Keep in mind that the Defendants’ potential exposure was enormous, and DSE wasn’t about to give up easily. Before they let this go, their attorneys would pursue Team Mash-up across the moons of Nibia, the Antares maelstrom, and perdition’s fires. Granted, a finding of infringement may result in a wide range of monetary judgments, ranging from $750 to $30,000 per work (and DSE claimed three works were infringed upon). So ComicMix might have gotten away with a few thousand dollars in statutory damages or as much as $90,000 in actual damages! If the more severe “willful infringement” been discovered, a maximum of $150,000 per work could have brought the total damages to almost half a million dollars!!! That doesn’t include legal costs, which aren’t certain to be included.
A judgment against Team Mash-up, on the other hand, wouldn’t have been nearly as terrible. Infringement awards aren’t intended to be severe or punitive, and courts are generally mindful of a defendant’s financial resources. But, in the end, was the prize (victory and freedom to publish…following a likely appeal and additional years of costly legal fights) justify the danger and cost?
And, for DSE, a victory is a win. They receive their infringement judgment, which is exactly what they wanted from the start. They’re a well-run business that isn’t short on cash—and, as I have said, if DSE had won, the damages judgment would likely have been modest. There was some danger associated with DSE as well. As I previously said, juries are unpredictable, and juries in southern California are notoriously liberal, often siding with “David” against “Goliath.” Of course, the fact that one of the defendants had to testify via videoconference because he was receiving year-long treatment for stage 3 cancer may have elicited sympathy from the jury. “Why add to this poor man’s misery by losing in court?” the jury may reason. So DSE made a wise decision to resolve this.
Finally, I’ll leave you with Glenn Hauman’s take on the legal mountain that Team Mash-up attempted to scale. They may not have reached the pinnacle, but the trip has just just started for future mash-up artists and a possible new art form still in its infancy…
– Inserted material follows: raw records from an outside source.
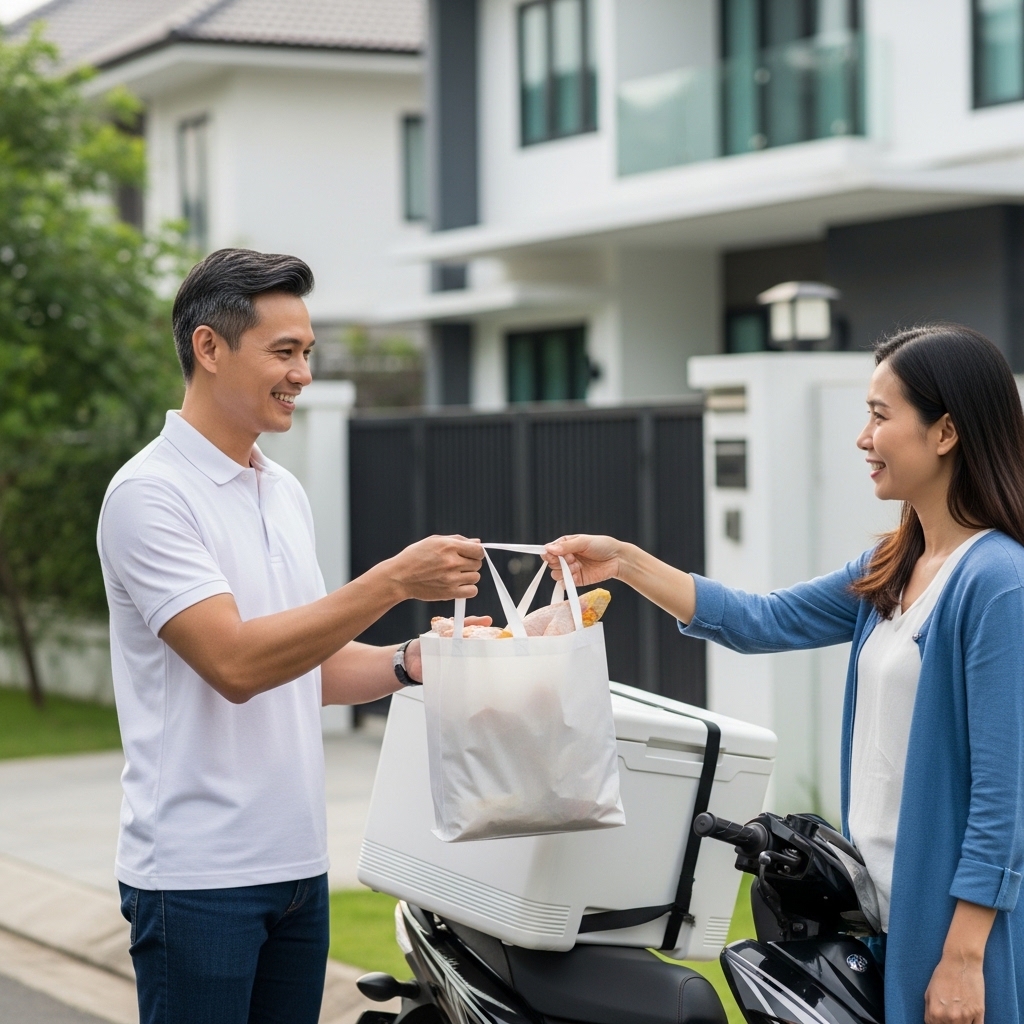 - Distribusi Silang (Cross-Docking) Pagi Hari: Saat armada logistik mengantarkan pesanan ke rumah Anda pada pagi hari (06:00 - 09:00 WIB), Anda tidak perlu menyimpannya di kulkas. Anda cukup memindahkannya ke dalam coolbox berisi es batu, lalu langsung mengantarkannya ke pelanggan Anda hari itu juga. Menjelang siang, stok Anda sudah habis dan uang tunai sudah di tangan.
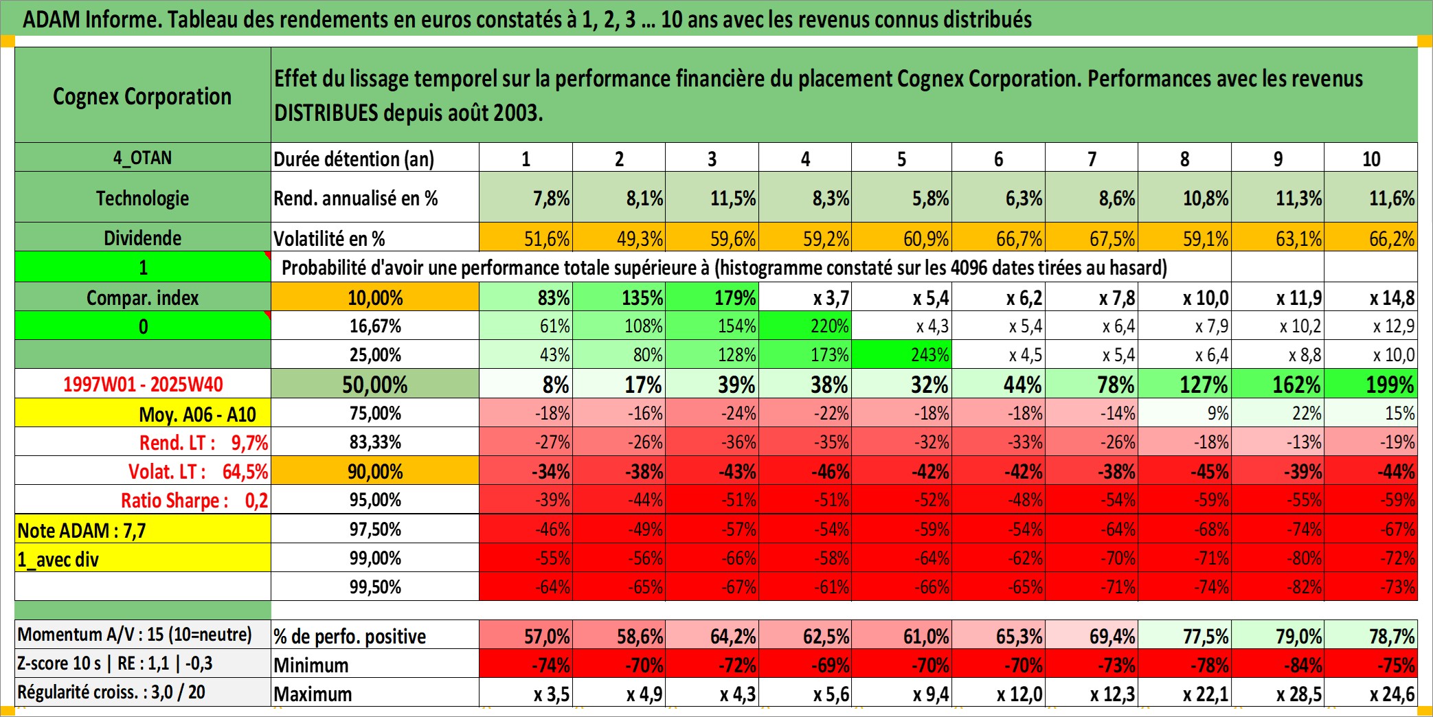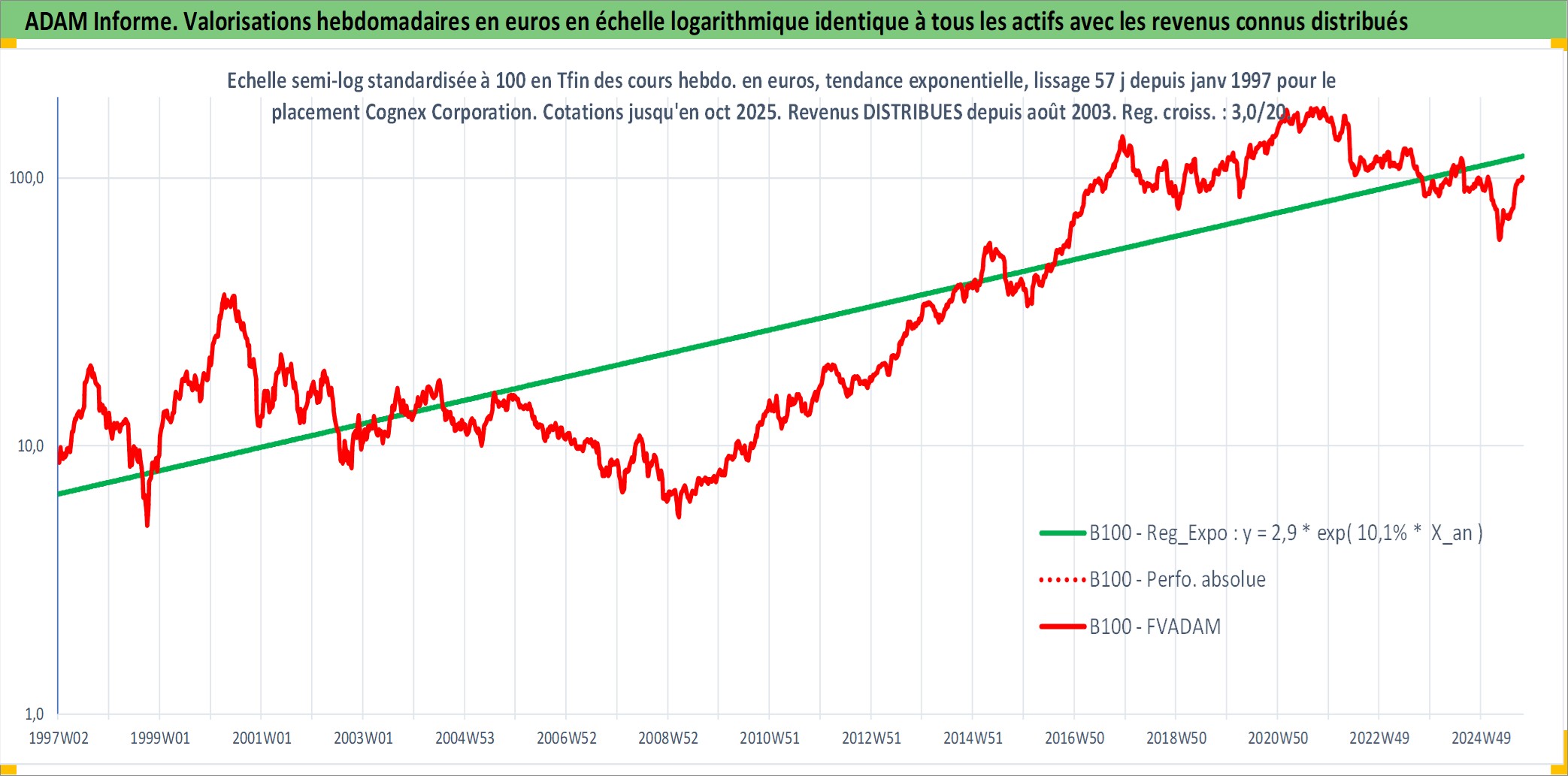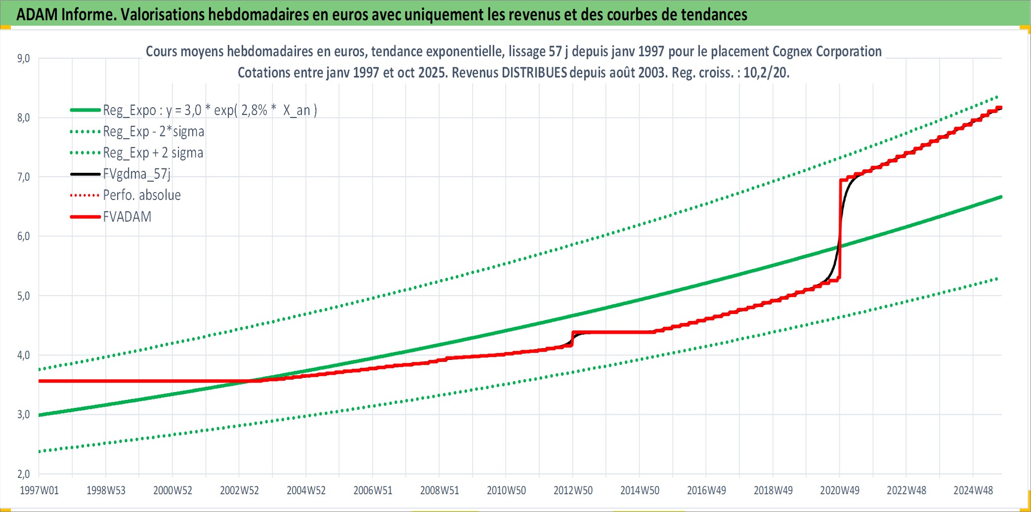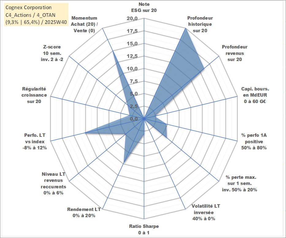 Site dédié aux investisseursPage dédiée sur site financeAnalyse des valorisations hebdomadaires de l'action Cognex Corporation. Cet actif est cote en USD. Les valorisations sont en contrevaleur EURO et couvrent les semaines 1997W01 a 2025W40. Les revenus de cet actif financier sont pris en compte depuis la semaine 2003W35. La note ESG de cet actif n'est pas connue.
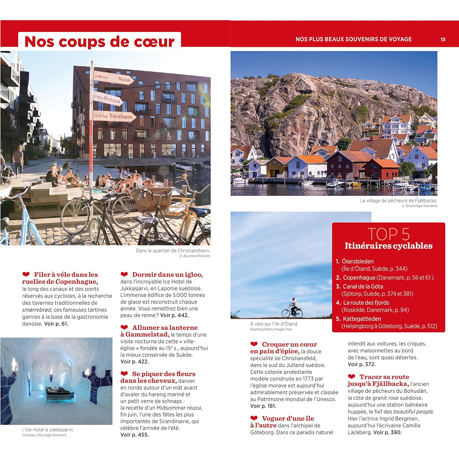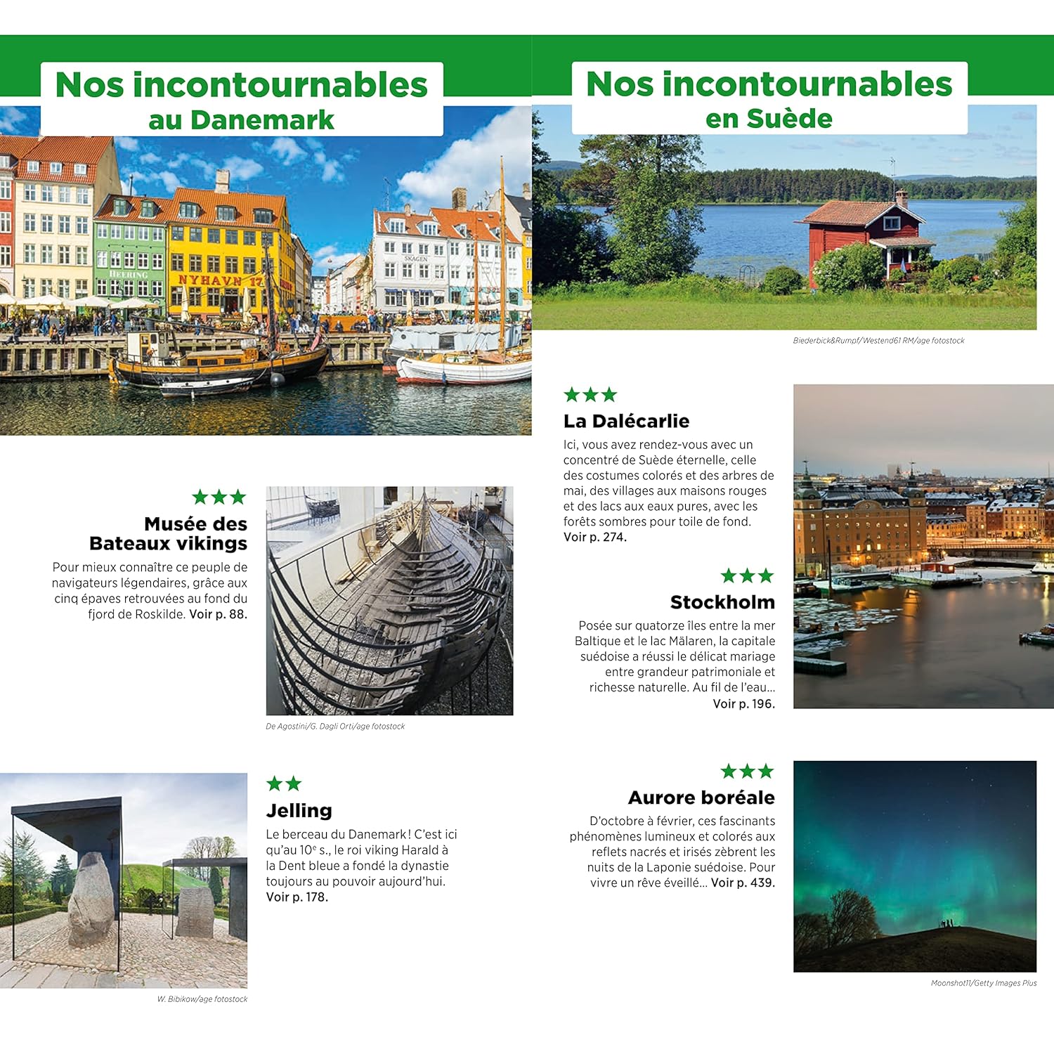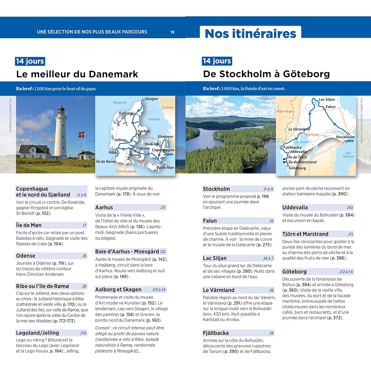 Des suggestions d’itinéraires, comme « le meilleur du Danemark en 14 jours » ou « Stockholm et la Dalécarlie en 8 jours », ainsi que de nombreux cartes et plans sont inclus pour planifier votre séjour sur-mesure.

While we aren’t completely satisfied with the result of the case, we recall historian Richard Hofstadter’s observation that individuals must occasionally “endure mistake in the sake of social peace.” We did all we could to convince the Ninth Circuit to minimize the amount of error involved in establishing fair use for artists, and we did everything we could to pave the way for future fair use advocates.